Write out the listing below character for character, though without its pictures.

**Dataset extract**
※
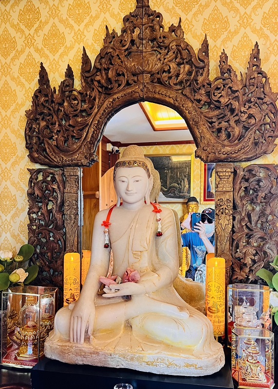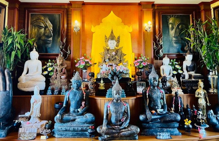 แต่สิ่งสำคัญต้องขึ้นชั้นที่ 2 ของร้านกาแฟเป็นจุดที่ 3 พลาดโอกาสไม่ได้ด้วยประการใดๆ ต้องขึ้นบันไดไปชั้น 2 เป็นหอพระพุทธรูปศักดิ์สิทธิ์ของ “ไร่เตรยาวรรณ” ประดิษฐานองค์พระพุทธรูปอยู่หลายองค์ เช่น องค์พระพุทธรูปต่างๆ ศิลปะของไทยและพระพุทธรูปศิลปะชาวไทใหญ่ประเทศพม่า นอกจากนี้ยังมีพระบรมรูปสมเด็จพระนเรศวรมหาราชและรูปหล่อพระวอ ประดิษฐานอยู่ด้วยและถือว่าเป็นสิ่งมหัศจรรย์นั้นคือ “ตัวช้างเหล็ก” ช้างเหล็กด้านหน้าสิ่งศักดิ์สิทธิ์คนผู้ดูแลหอพระพุทธรูปเล่าเรื่องราวให้ฟังก่อนจะทำพิธียกตัวช้างเหล็กบอกว่า ถ้ายังไม่ได้ตั้งจิตใจอธิษฐานขอพรสิ่งศักดิ์สิทธิ์ จะยกไม่ขึ้น ขอบอกว่าหนักจริงๆ พอตั้งจิตอิษฐานแล้ว ถ้าสำเร็จก็จะยกช้างขึ้น ถ้าไม่สำเร็จก็ยกไม่ขึ้นเรียบร้อยแล้วผู้ดูแลหอพระก็ให้ผมเองนั่งคุกเข่าทำตัวสบาย ๆ แล้วสวดมนต์ตั้งนะโม 3 จบ เสร็จแล้วตั้งใจอธิษฐานขอพรสิ่งศักดิ์สิทธิ์ภายในหอพระพุทธรูปอธิษฐาน โดยยกครั้งที่ 1 ถ้าหากสิ่งที่ขอขอได้หรือประสบผลสำเร็จขอให้ยกช้างหนักหรือยกไม่ขึ้น ครั้งที่ 2 เช่นกันถ้าประสบผลสำเร็จขอให้ยกช้างเบาหรือยกขึ้นได้ปรากฏว่าช้างเหล็กยกขึ้นมาได้เบาจริง ๆ เสร็จแล้วก็สั่นระฆังเพื่อบอกให้สิ่งศักดิ์สิทธิ์ทราบว่าสิ่งที่ขอพรได้สำเร็จแล้วครับ อันนี้เป็นความเชื่อของท่าน ท่านผู้อ่านทุกท่านถ้ามีโอกาสได้ไปเที่ยวอำเภอพบพระ จังหวัดตาก ต้องแวะได้ครับ “ไร่เตรยาวรรณ” แล้วต้องขึ้นบันไดไปชั้น 2 เข้าหอพระพุทธรูปศักดิ์สิทธิ์เพื่อกราบบูชาขอพรสิ่งศักดิ์สิทธิ์โดยเฉพาะการเสี่ยงทายยกช้างเหล็กจากหนักให้เป็นเบาได้เป็นสิ่งมหัศจรรย์ยิ่งนัก หนุ่ม’สุทน รู้สึกประทับใจมาก ๆ ครับ
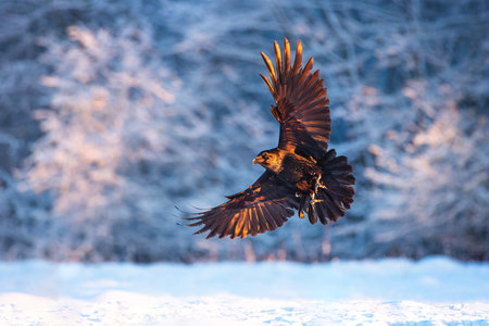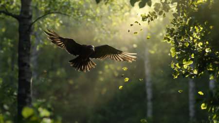 a black crow soars through a forest, bathed in golden light. this captivating image combines elements of narrative-driven visual storytelling, vray rendering, germanic art influences, unreal engine 5 technology, schlieren photography techniques, and intricately detailed costumes. ai generated
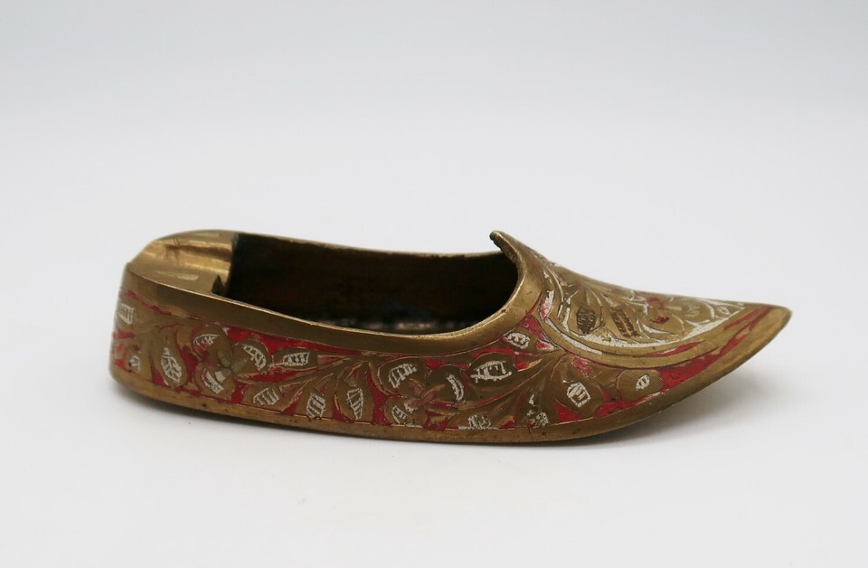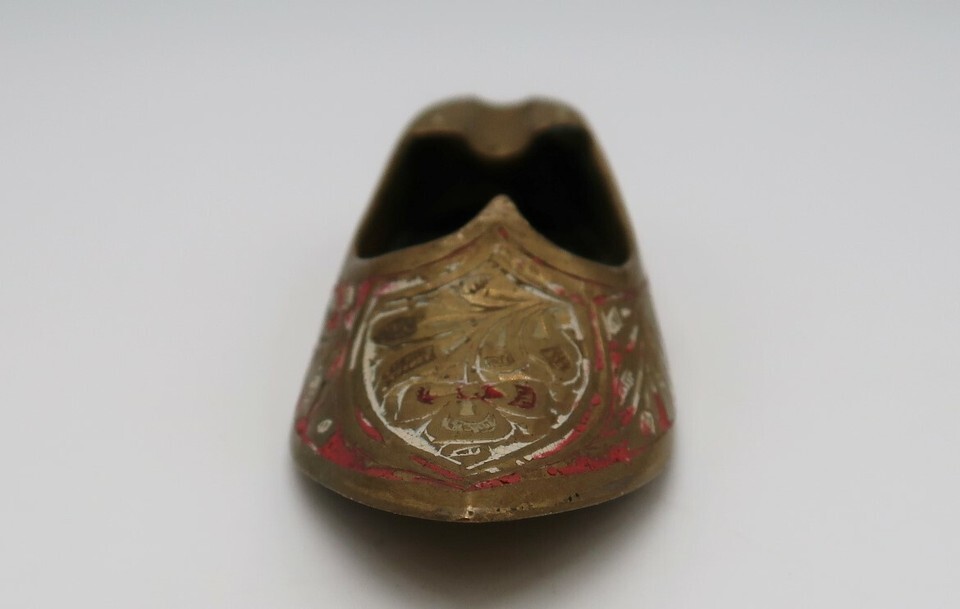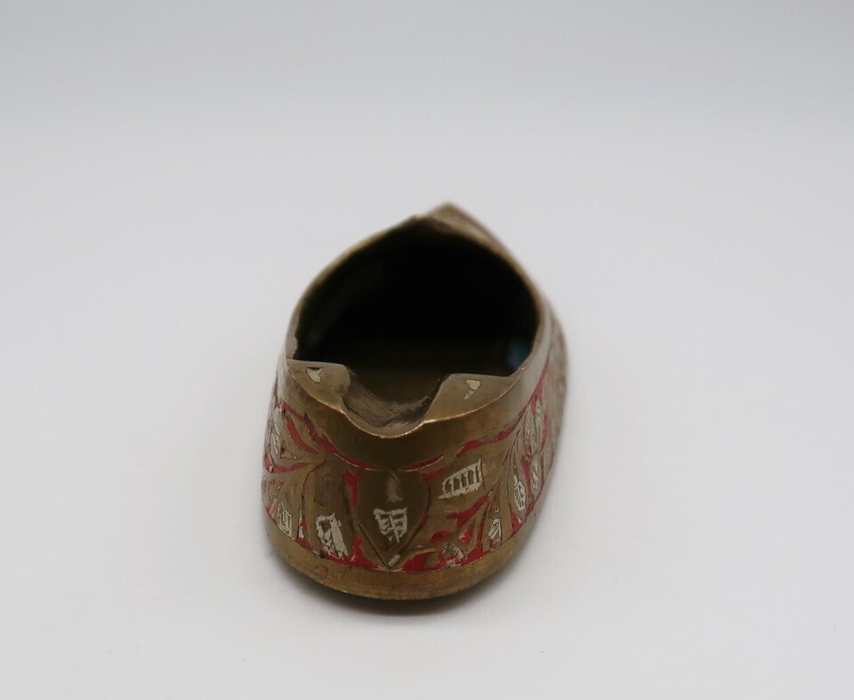 Vintage brass engraved floral shoe ashtray made in India pink enamel accents
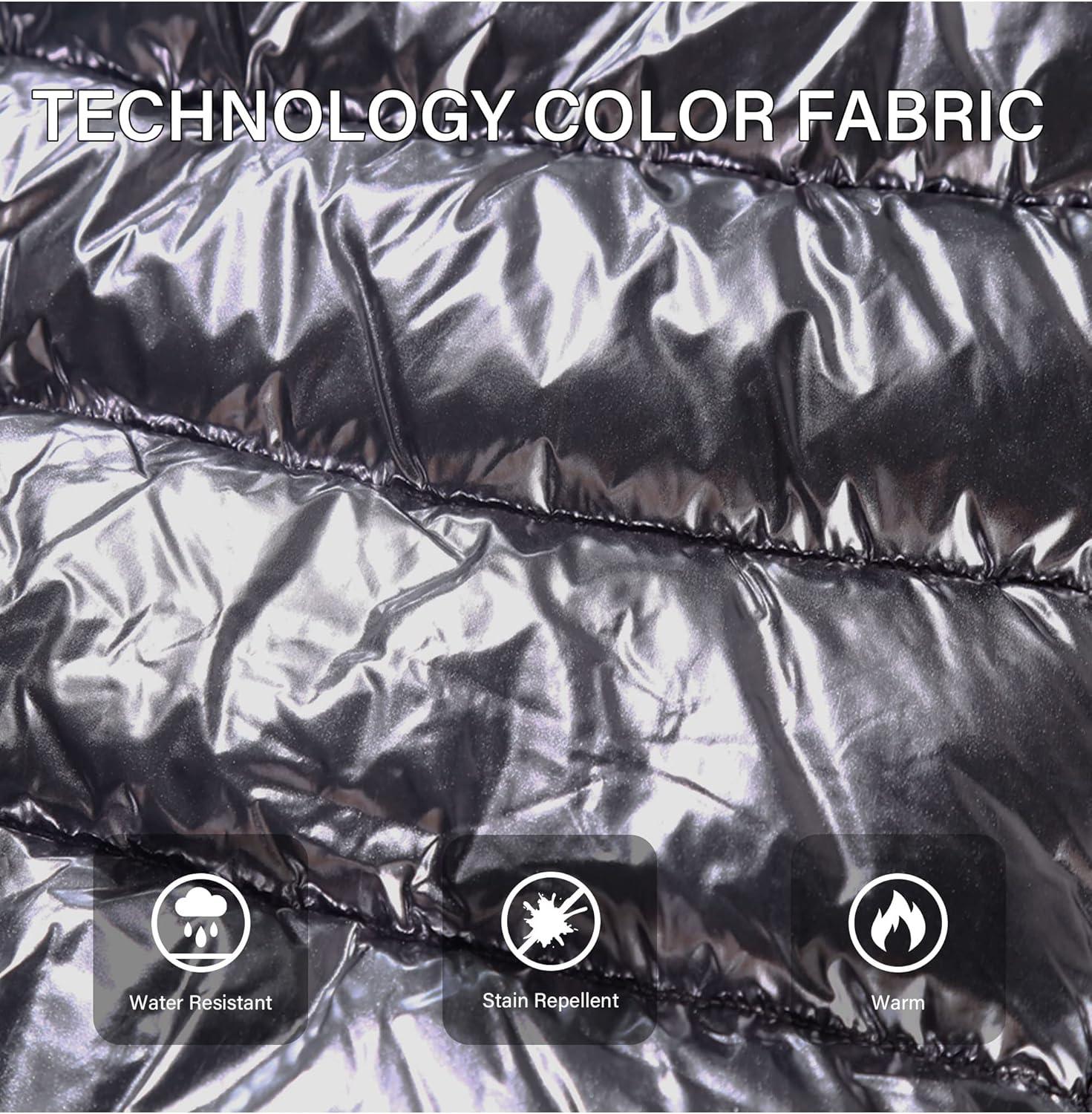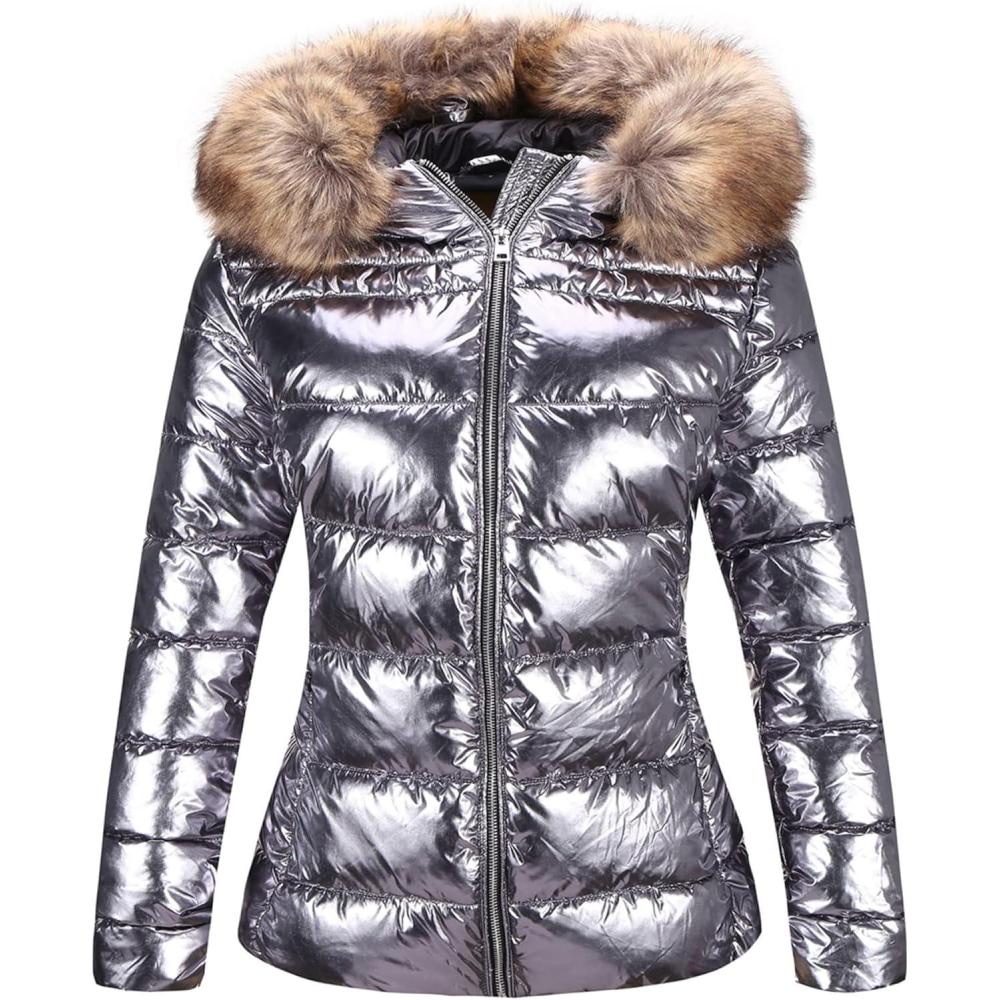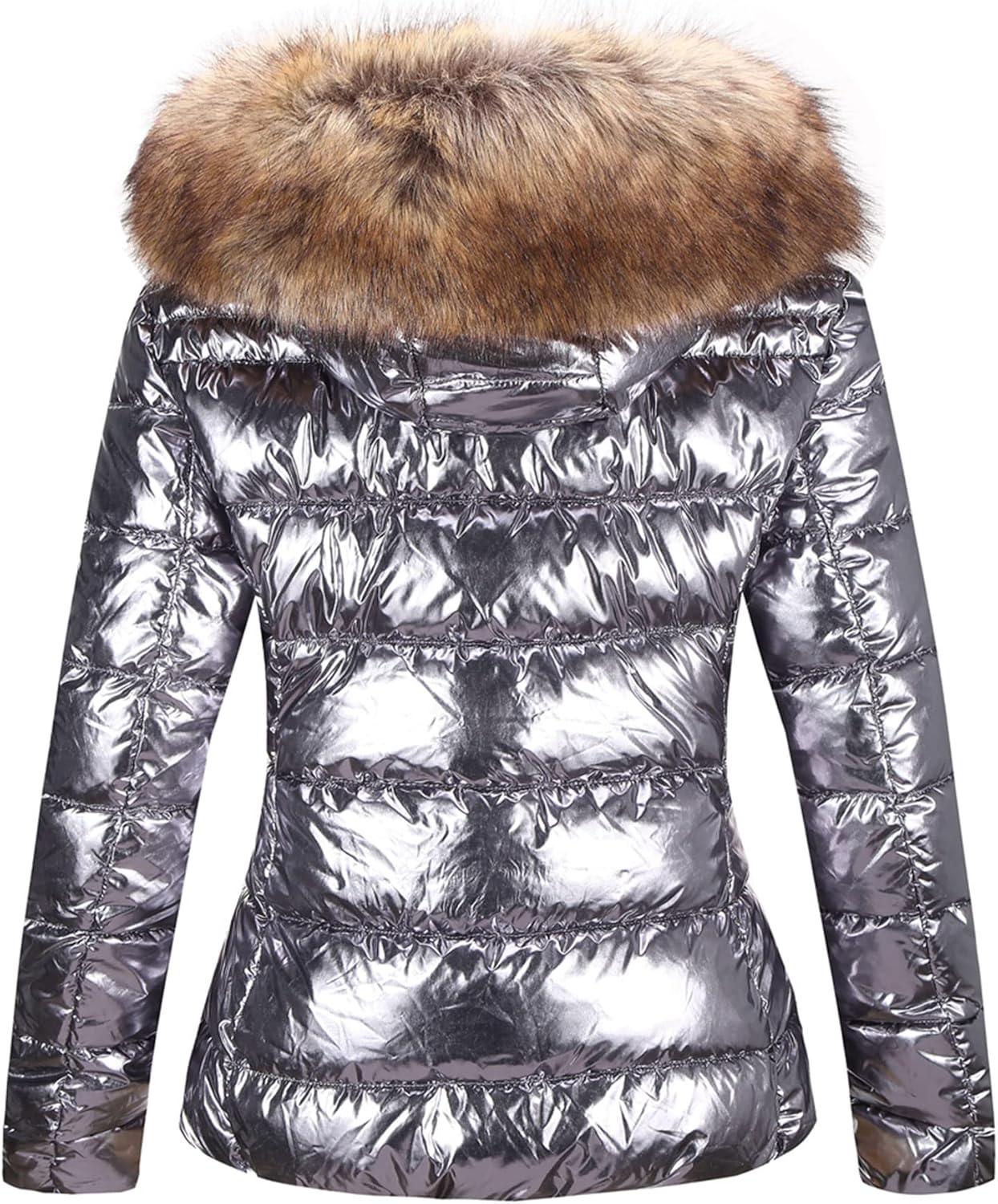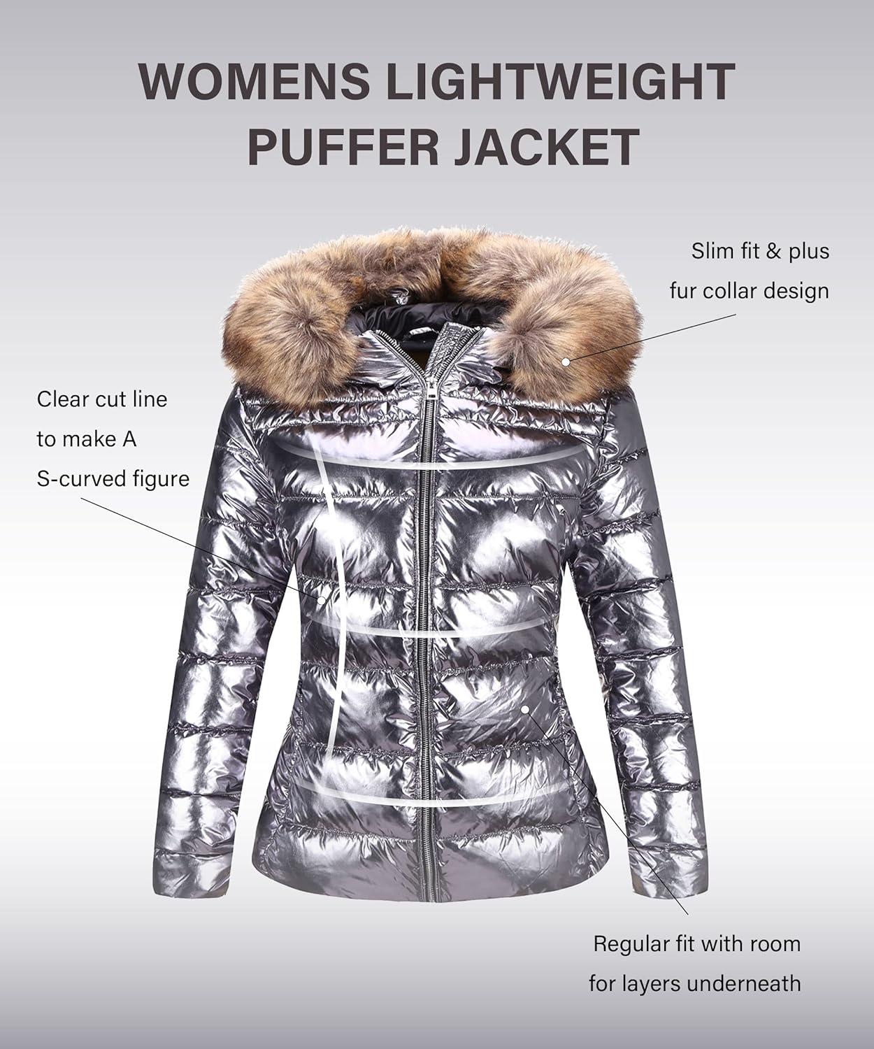 Bellivera Womens Lightweight Puffer Jacket, Winter Coats for Women Warm Quilted Bubble Padded Hood Coat with Faux Fur Collar(Sliver)
※
**Written solution**
 แต่สิ่งสำคัญต้องขึ้นชั้นที่ 2 ของร้านกาแฟเป็นจุดที่ 3 พลาดโอกาสไม่ได้ด้วยประการใดๆ ต้องขึ้นบันไดไปชั้น 2 เป็นหอพระพุทธรูปศักดิ์สิทธิ์ของ “ไร่เตรยาวรรณ” ประดิษฐานองค์พระพุทธรูปอยู่หลายองค์ เช่น องค์พระพุทธรูปต่างๆ ศิลปะของไทยและพระพุทธรูปศิลปะชาวไทใหญ่ประเทศพม่า นอกจากนี้ยังมีพระบรมรูปสมเด็จพระนเรศวรมหาราชและรูปหล่อพระวอ ประดิษฐานอยู่ด้วยและถือว่าเป็นสิ่งมหัศจรรย์นั้นคือ “ตัวช้างเหล็ก” ช้างเหล็กด้านหน้าสิ่งศักดิ์สิทธิ์คนผู้ดูแลหอพระพุทธรูปเล่าเรื่องราวให้ฟังก่อนจะทำพิธียกตัวช้างเหล็กบอกว่า ถ้ายังไม่ได้ตั้งจิตใจอธิษฐานขอพรสิ่งศักดิ์สิทธิ์ จะยกไม่ขึ้น ขอบอกว่าหนักจริงๆ พอตั้งจิตอิษฐานแล้ว ถ้าสำเร็จก็จะยกช้างขึ้น ถ้าไม่สำเร็จก็ยกไม่ขึ้นเรียบร้อยแล้วผู้ดูแลหอพระก็ให้ผมเองนั่งคุกเข่าทำตัวสบาย ๆ แล้วสวดมนต์ตั้งนะโม 3 จบ เสร็จแล้วตั้งใจอธิษฐานขอพรสิ่งศักดิ์สิทธิ์ภายในหอพระพุทธรูปอธิษฐาน โดยยกครั้งที่ 1 ถ้าหากสิ่งที่ขอขอได้หรือประสบผลสำเร็จขอให้ยกช้างหนักหรือยกไม่ขึ้น ครั้งที่ 2 เช่นกันถ้าประสบผลสำเร็จขอให้ยกช้างเบาหรือยกขึ้นได้ปรากฏว่าช้างเหล็กยกขึ้นมาได้เบาจริง ๆ เสร็จแล้วก็สั่นระฆังเพื่อบอกให้สิ่งศักดิ์สิทธิ์ทราบว่าสิ่งที่ขอพรได้สำเร็จแล้วครับ อันนี้เป็นความเชื่อของท่าน ท่านผู้อ่านทุกท่านถ้ามีโอกาสได้ไปเที่ยวอำเภอพบพระ จังหวัดตาก ต้องแวะได้ครับ “ไร่เตรยาวรรณ” แล้วต้องขึ้นบันไดไปชั้น 2 เข้าหอพระพุทธรูปศักดิ์สิทธิ์เพื่อกราบบูชาขอพรสิ่งศักดิ์สิทธิ์โดยเฉพาะการเสี่ยงทายยกช้างเหล็กจากหนักให้เป็นเบาได้เป็นสิ่งมหัศจรรย์ยิ่งนัก หนุ่ม’สุทน รู้สึกประทับใจมาก ๆ ครับ
 a black crow soars through a forest, bathed in golden light. this captivating image combines elements of narrative-driven visual storytelling, vray rendering, germanic art influences, unreal engine 5 technology, schlieren photography techniques, and intricately detailed costumes. ai generated
 Vintage brass engraved floral shoe ashtray made in India pink enamel accents
 Bellivera Womens Lightweight Puffer Jacket, Winter Coats for Women Warm Quilted Bubble Padded Hood Coat with Faux Fur Collar(Sliver)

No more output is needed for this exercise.